My favorite Bryce Courtenay book before reading FOUR FIRES was TANDIA (although I rated most of his books 5 stars or 4 stars), but FOUR FIRES is right up at the top of my favorites. Courtenay's books are so well-researched that you learn a lot whether it be about AIDS, apartheid, alcoholism and (in this book) personal history slowly revealed in a powerful and beautifully written final "going bush" trip with Tommy and Mole (the son). Humphrey Bower as always reads the book so well that I have trouble hearing anyone else read something by Bryce Courtenay (as I did with JESSICA although it was also the worst of Courtenay's books). It's a long saga of this family (the Malonie's) and people they interact with including an Indian herbalist, two concentration camp survivors, snobs, a pries tin the Catholic Church, bigots, fire fighters, the garment district, the Australian soldiers in World War in the struggle with Japan, and ends with Australia's role in Vietnam.

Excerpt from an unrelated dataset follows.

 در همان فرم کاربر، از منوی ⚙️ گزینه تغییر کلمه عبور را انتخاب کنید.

A lot about illusionism and magic tricks. I found it pretty interesting. George Guidall as always is great.
Another murder mystery but with Perry's ironic tone - not quite as good as the Butcher's Boy - but I enjoyed most of it (needed an edit or tightening towards the end). Robertson Dean does a good job
A child's sadness is painful and this book is full of unhappy children past and present until the last hour.
Perry + Kramer = ideal combo. Really fun book - OK, the underlying story sounds violent - but It's just not that kind of book. There is a distance in the telling that allows you to care, but you're not sure about who. Nobody is a really "good hero" but everyone is human and tries hard and it all works. Highly recommended.

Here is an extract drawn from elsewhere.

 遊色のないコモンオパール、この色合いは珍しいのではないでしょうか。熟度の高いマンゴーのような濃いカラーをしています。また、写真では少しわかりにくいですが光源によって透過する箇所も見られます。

The story is beautiful - and tender. And wide-ranging. It deals with blindness (on multiple levels), World War II, a small girl blind whose mother died in childbirth and whose father teaches her to explore and see in a way few of us can, a small boy (an orphan) who is an electronics savant - their separate childhoods, adolescence, meeting - and so much more. The reader isn't bad, but his pronunciation of French words, cities, areas is bad and distracting if you speak fluent French . Overall he was good, I just wish someone had tutored him a bit or he had sought out someone to help him hear better the language.
Note to self - don't buy anything by Lincoln Child and Douglas Preston or read by Scott Brick. The combination is lethal.
We've all read about the Kamikaze pilots to navy ships around Okinawa but not that many about the navy seamen experienced the horror. There's been a lot written about WWII in Europe and the horrors, but fewer about the war around Japan. W.E.B. Griffin does to some extent but his books focus on personalities and their lives. This book gets more into the nitty gritty and yet gives flesh to the characters. PT Deutermann is good - I've listened to others of his on Audible. This is the first truly historical fiction book of his I've seen. Dick Hill is good as aways. He's an artist in his readings. Do a web search on him - lots awards. The book is good, will hold your attention and feed historical gaps.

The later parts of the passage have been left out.